Repeat the listing that follows exactly. Pictures are not part of the copy.

· · ·

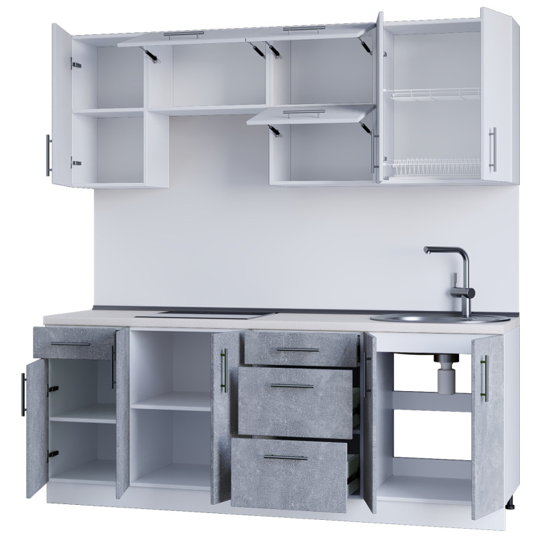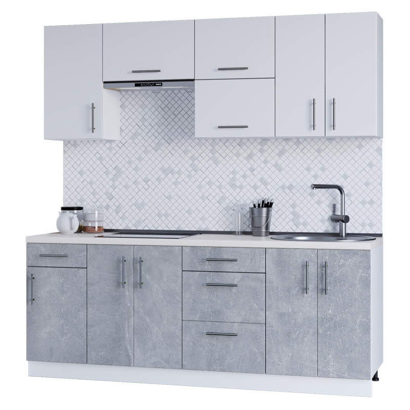 Серія 720 набір 2.1 м, Білий, Бетон. Зі стільницею.Серія 720 набір 2.1 м, Білий, Бетон. Зі стільницею.
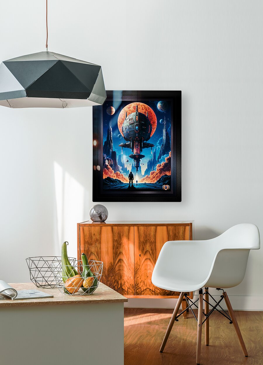 Get this artwork "The Landing Retro Fusion Sci-Fi Space Poster Art Captivating AI Concept Art by Xzendor7" in a framed print.
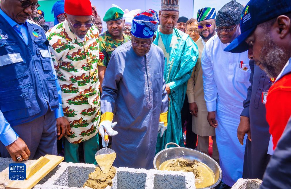 8月4日,尼日利亞總統提努布(前中)在阿布賈出席中企承建的尼日利亞天然氣發電站項目一期開工儀式。
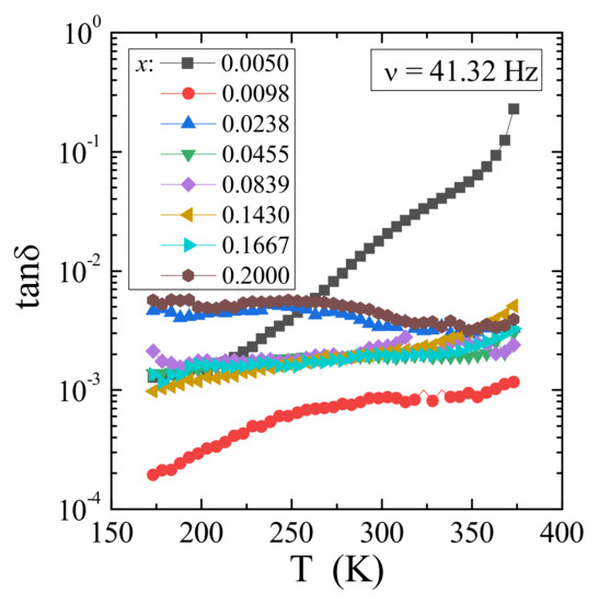 Broadband dielectric spectroscopy measurements of the solid solution under study showed both small values of the real part (ε′) and imaginary part (ε″) of complex dielectric permittivity strongly decreasing with frequency and temperature (Figure 12a–d). Dielectric analysis in the frequency representation showed that no dipole relaxation processes were observed (as in Maxwell-Wagner [38] or Jonscher [39]) on the real and imaginary spectra of representative samples with the content x = 0.0050 (a), 0.0455 (b), 0.0839 (c), and 0.2000 (d) (Figure 12). Only in the case of the sample with the lowest gadolinium content (x = 0.0050) the collected spectra indicated the presence of the relaxation process (characteristic “bulge” on the loss curve, indicated by an arrow, shifting to lower frequencies with cooling). However, calculated data from the Kramers–Kronig transform [18] of ε′ did not reveal a well-defined relaxation peak (Figure 13). The calculated loss tangent values indicated that all samples except x = 0.0050 have tanδ ~0.01, in which the relaxation process is inhibited with increasing gadolinium content in the sample (Figure 14). Both small ε′ and tanδ values can be explained by the fact that Gd3+ ions have the 4f-shell screened. This hinders the formation of electric dipoles and their relaxation. Low energy loss was also observed in Ca1−xMnxMoO4 nanomaterials (x = 0.0, 0.01, 0.05, 0.10, 0.15) [40] and in RE2W2O9 ceramics (RE = Pr, Sm-Gd) [35]. It is worth noting that significantly higher electric permittivity values at low frequencies are characteristic of the polarization of the space charge induced in the sample.
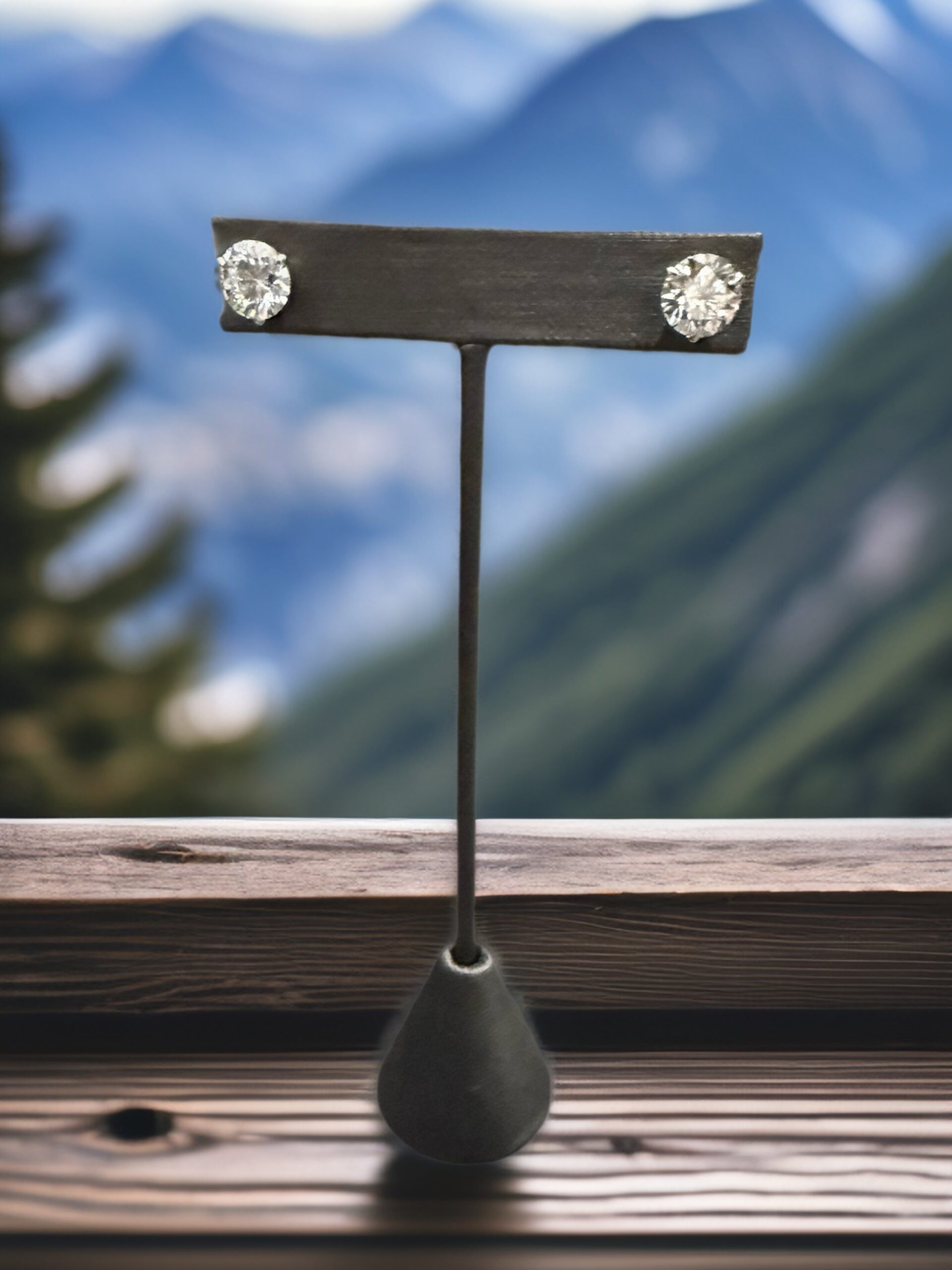 14KWG Lab Grown Diamond stud earrings featuring 2 round diamonds weighing 6.02 cts with E color and VS1 clarity. The earrings are martini style with 2 IGI certified diamonds. The earrings have medium posts and backs.
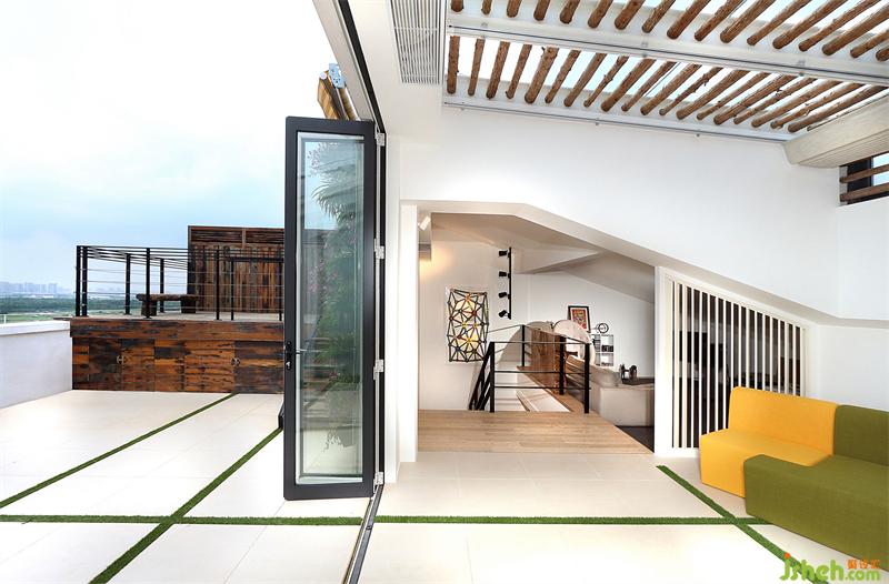 復(fù)式設(shè)計(jì)天臺(tái)的天窗由衫木和玻璃組成,燒烤享樂區(qū)則由船木打造,不同的木材讓空間更有層次感。

· · ·

• **THE COMPLETED TASK**:
 Серія 720 набір 2.1 м, Білий, Бетон. Зі стільницею.Серія 720 набір 2.1 м, Білий, Бетон. Зі стільницею.
 Get this artwork "The Landing Retro Fusion Sci-Fi Space Poster Art Captivating AI Concept Art by Xzendor7" in a framed print.
 8月4日,尼日利亞總統提努布(前中)在阿布賈出席中企承建的尼日利亞天然氣發電站項目一期開工儀式。
 Broadband dielectric spectroscopy measurements of the solid solution under study showed both small values of the real part (ε′) and imaginary part (ε″) of complex dielectric permittivity strongly decreasing with frequency and temperature (Figure 12a–d). Dielectric analysis in the frequency representation showed that no dipole relaxation processes were observed (as in Maxwell-Wagner [38] or Jonscher [39]) on the real and imaginary spectra of representative samples with the content x = 0.0050 (a), 0.0455 (b), 0.0839 (c), and 0.2000 (d) (Figure 12). Only in the case of the sample with the lowest gadolinium content (x = 0.0050) the collected spectra indicated the presence of the relaxation process (characteristic “bulge” on the loss curve, indicated by an arrow, shifting to lower frequencies with cooling). However, calculated data from the Kramers–Kronig transform [18] of ε′ did not reveal a well-defined relaxation peak (Figure 13). The calculated loss tangent values indicated that all samples except x = 0.0050 have tanδ ~0.01, in which the relaxation process is inhibited with increasing gadolinium content in the sample (Figure 14). Both small ε′ and tanδ values can be explained by the fact that Gd3+ ions have the 4f-shell screened. This hinders the formation of electric dipoles and their relaxation. Low energy loss was also observed in Ca1−xMnxMoO4 nanomaterials (x = 0.0, 0.01, 0.05, 0.10, 0.15) [40] and in RE2W2O9 ceramics (RE = Pr, Sm-Gd) [35]. It is worth noting that significantly higher electric permittivity values at low frequencies are characteristic of the polarization of the space charge induced in the sample.
 14KWG Lab Grown Diamond stud earrings featuring 2 round diamonds weighing 6.02 cts with E color and VS1 clarity. The earrings are martini style with 2 IGI certified diamonds. The earrings have medium posts and backs.
 復(fù)式設(shè)計(jì)天臺(tái)的天窗由衫木和玻璃組成,燒烤享樂區(qū)則由船木打造,不同的木材讓空間更有層次感。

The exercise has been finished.